What is expected: Return every line below as is, leaving out the pictures.

(Collected data entries)
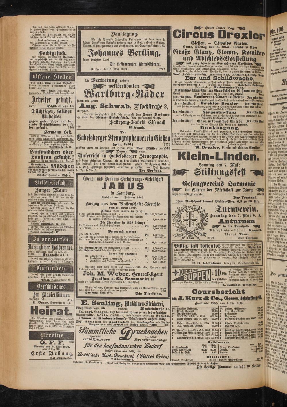 Montag den 8. Mai 1899, abends 87, Uhr,
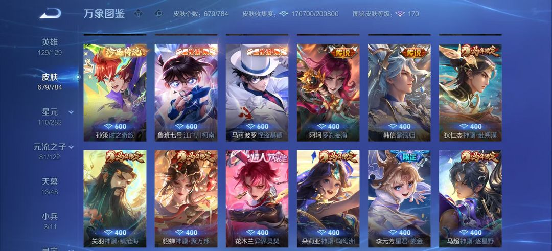 v10、537皮6水4无双、安琪拉-颠倒童话·魔镜、朵莉亚-神骥、遇见神鼓、齐天大圣、白虎志、韩信荣耀典藏、73传说、时之魔女、瑶无双、青丘、九尾、神器明辉仪
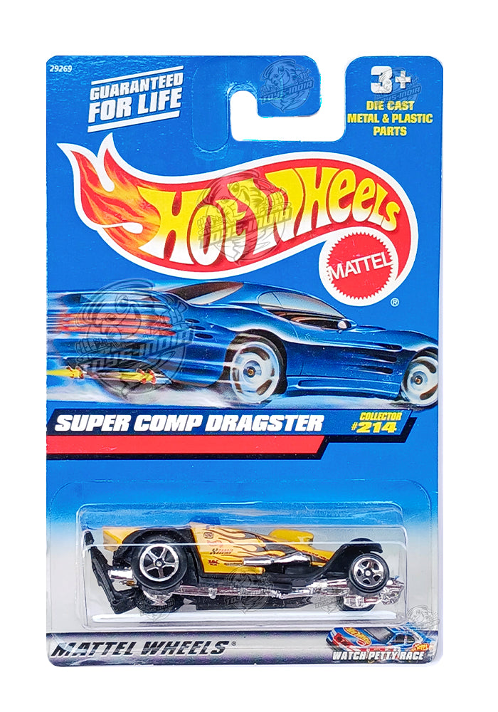 EXCLUSIVES Hot Wheels Super Comp Dragster - Yellow / Black - 1999 Card (With Protector Case)
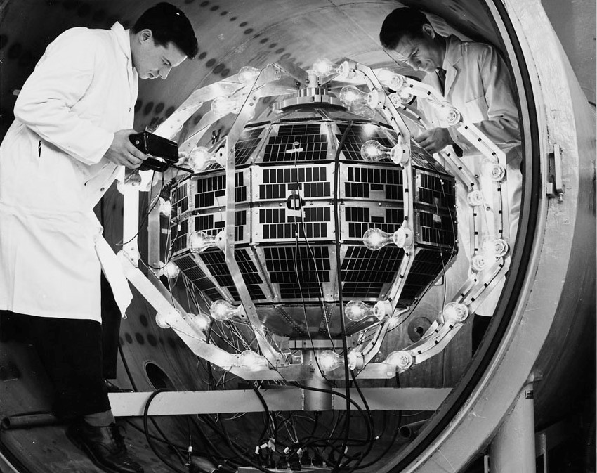 Defence Research Board technicians at the Canadian Armament Research and Development Establishment, in Val Cartier, Quebec, readying a satellite prototype for a test, ca 1961. Alouette 1 was launched via Thor-Agena-B two-stage rocket by NASA from the Pacific Missile Range at Vandenberg Air Force Base, California, USA at 06:05 UTC on September 29, 1962, into orbit around Earth. The 145.6 kilograms (321 lb) satellite was placed into an almost circular orbit with an altitude of 987 kilometres (613 mi) to 1,022 kilometres (635 mi) with an inclination of 80.5°. The launch made Canada the third nation, after the USSR and the United States, to design and construct its own satellite. Alouette was used to study the ionosphere, using over 700 different radio frequencies to investigate its properties from above.
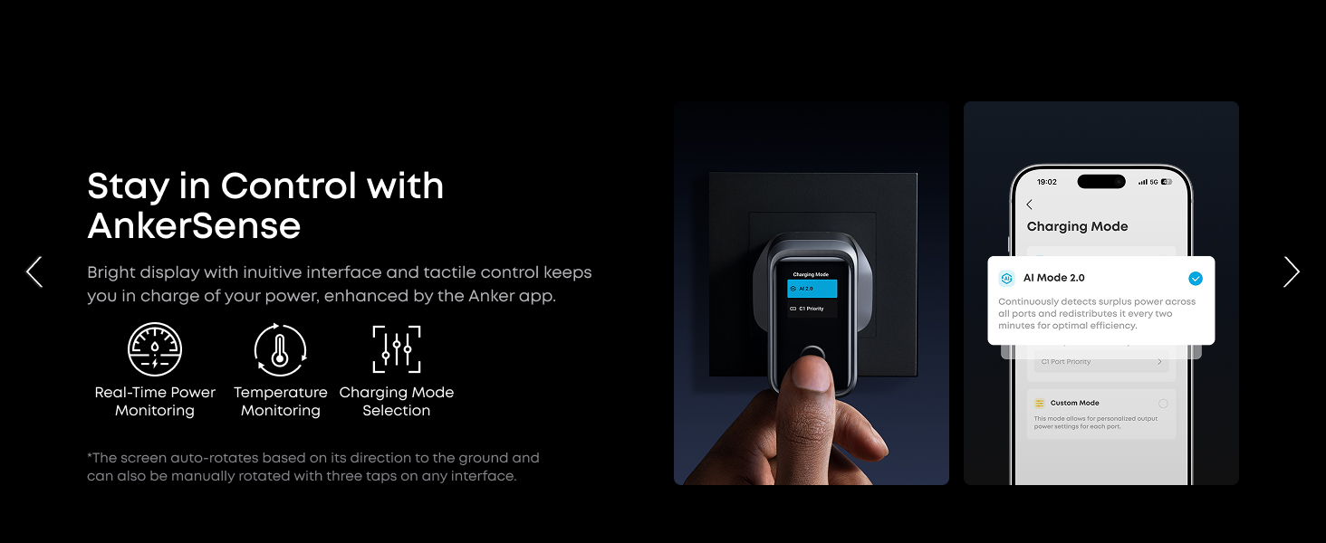 AnkerSense View shows real-time power distribution for each port. Select between AI Mode, Standard Mode, and Custom Mode directly on the screen, or unlock additional charging modes via Bluetooth in the app.
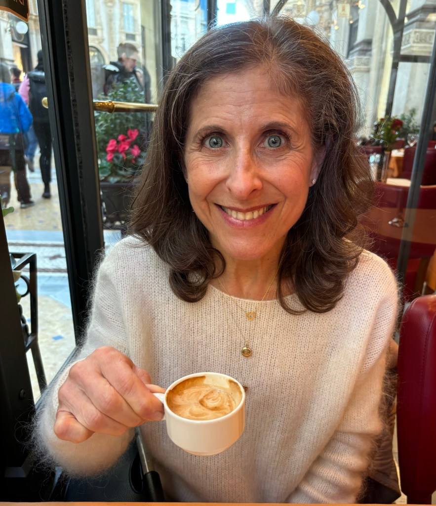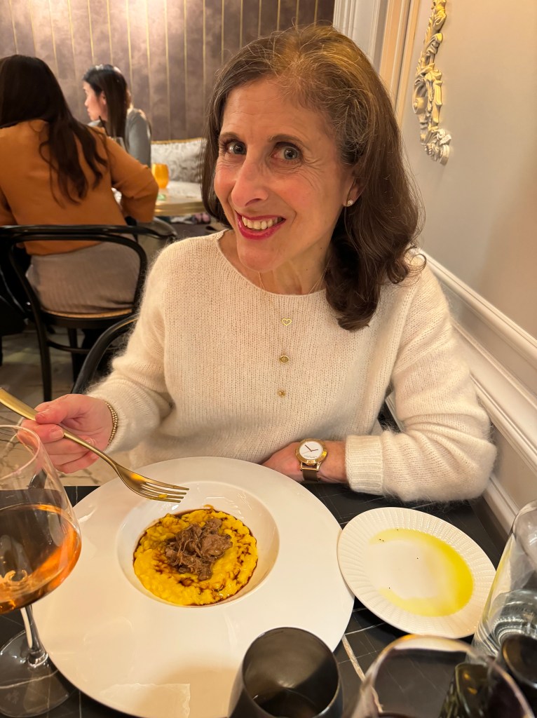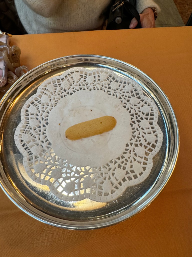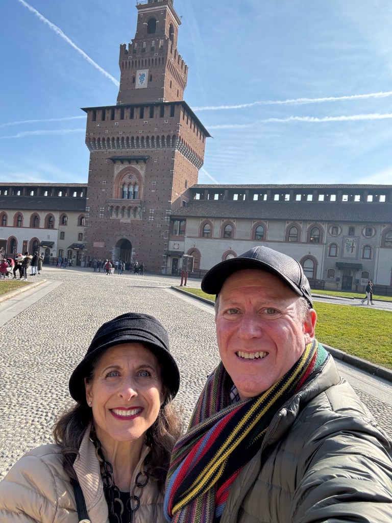 Since we were in the Lombardy region of Italy, we opted for a Northern Italian dinner at Ristorante Nabucco, so named because Giuseppe Verdi frequented the restaurant’s neighborhood. It was the perfect place for us to dine and recall Verdi’s 1841 opera with its beautiful Chorus of the Hebrew Slaves, one of my favorites. The waiters were very nice (the host gave me a tour of the historical rooms in the restaurant) but they had no idea what I was talking about when I mentioned Nabucco’s beautiful chorus 🎶🎵🎶. We dined on risotto, a thick veal chop Milanese (Andy) and a delicious fillet of sea bass (for me). We fell in love with dessert, semi freddo al cioccolato gianduia crumble al caffè, caramello salato 😋 (gianduia chocolate semifreddo, coffee crumble, salted caramel) and, as often in Italy, we received limoncello, a marvelous digestivo, to finish our meal. We strolled back to the hotel along the large cobblestone streets, passing restaurants that were still filled with people, just delightful.
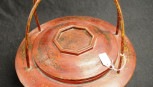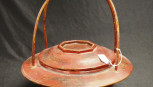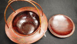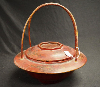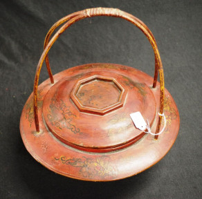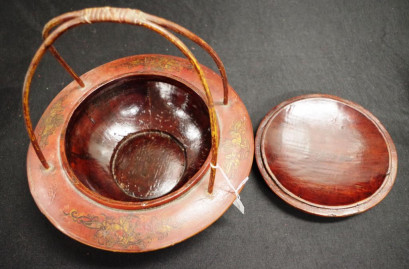 traditional hand painted decoration to lacquered wood lid, and circular bowl below, with cane handles, (height 34cm; diameter 31cm approx). -
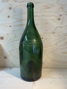 Antieke rieten mandfles, H 38 cm D 20 cm
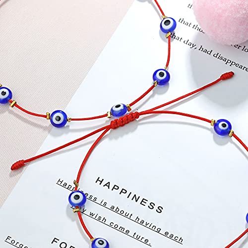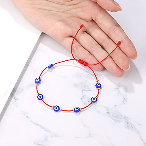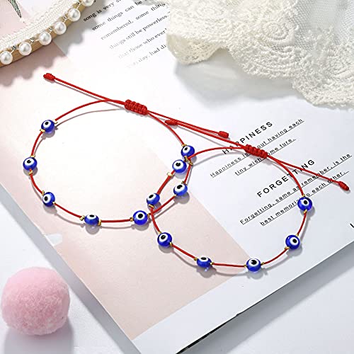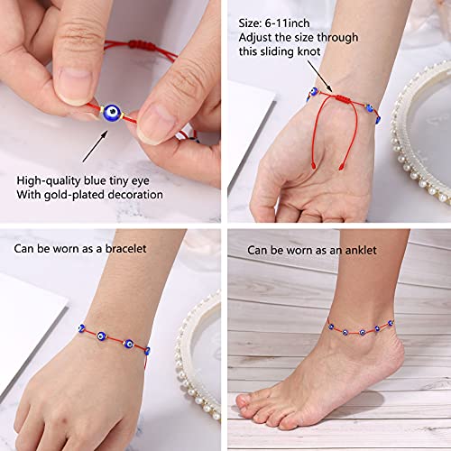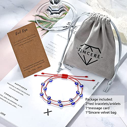 Sincere - Sincere Tiny Evil Eye Adjustable Bracelet Anklet, 2 PCS Red/Black Waterproof Protection String Bracelet Amulet for Women Men Couples Friend Family, Nylon, cubic zirconia,

Reply to the exercise:
 Montag den 8. Mai 1899, abends 87, Uhr,
 v10、537皮6水4无双、安琪拉-颠倒童话·魔镜、朵莉亚-神骥、遇见神鼓、齐天大圣、白虎志、韩信荣耀典藏、73传说、时之魔女、瑶无双、青丘、九尾、神器明辉仪
 EXCLUSIVES Hot Wheels Super Comp Dragster - Yellow / Black - 1999 Card (With Protector Case)
 Defence Research Board technicians at the Canadian Armament Research and Development Establishment, in Val Cartier, Quebec, readying a satellite prototype for a test, ca 1961. Alouette 1 was launched via Thor-Agena-B two-stage rocket by NASA from the Pacific Missile Range at Vandenberg Air Force Base, California, USA at 06:05 UTC on September 29, 1962, into orbit around Earth. The 145.6 kilograms (321 lb) satellite was placed into an almost circular orbit with an altitude of 987 kilometres (613 mi) to 1,022 kilometres (635 mi) with an inclination of 80.5°. The launch made Canada the third nation, after the USSR and the United States, to design and construct its own satellite. Alouette was used to study the ionosphere, using over 700 different radio frequencies to investigate its properties from above.
 AnkerSense View shows real-time power distribution for each port. Select between AI Mode, Standard Mode, and Custom Mode directly on the screen, or unlock additional charging modes via Bluetooth in the app.
 Since we were in the Lombardy region of Italy, we opted for a Northern Italian dinner at Ristorante Nabucco, so named because Giuseppe Verdi frequented the restaurant’s neighborhood. It was the perfect place for us to dine and recall Verdi’s 1841 opera with its beautiful Chorus of the Hebrew Slaves, one of my favorites. The waiters were very nice (the host gave me a tour of the historical rooms in the restaurant) but they had no idea what I was talking about when I mentioned Nabucco’s beautiful chorus 🎶🎵🎶. We dined on risotto, a thick veal chop Milanese (Andy) and a delicious fillet of sea bass (for me). We fell in love with dessert, semi freddo al cioccolato gianduia crumble al caffè, caramello salato 😋 (gianduia chocolate semifreddo, coffee crumble, salted caramel) and, as often in Italy, we received limoncello, a marvelous digestivo, to finish our meal. We strolled back to the hotel along the large cobblestone streets, passing restaurants that were still filled with people, just delightful.
 traditional hand painted decoration to lacquered wood lid, and circular bowl below, with cane handles, (height 34cm; diameter 31cm approx). -
 Antieke rieten mandfles, H 38 cm D 20 cm
 Sincere - Sincere Tiny Evil Eye Adjustable Bracelet Anklet, 2 PCS Red/Black Waterproof Protection String Bracelet Amulet for Women Men Couples Friend Family, Nylon, cubic zirconia,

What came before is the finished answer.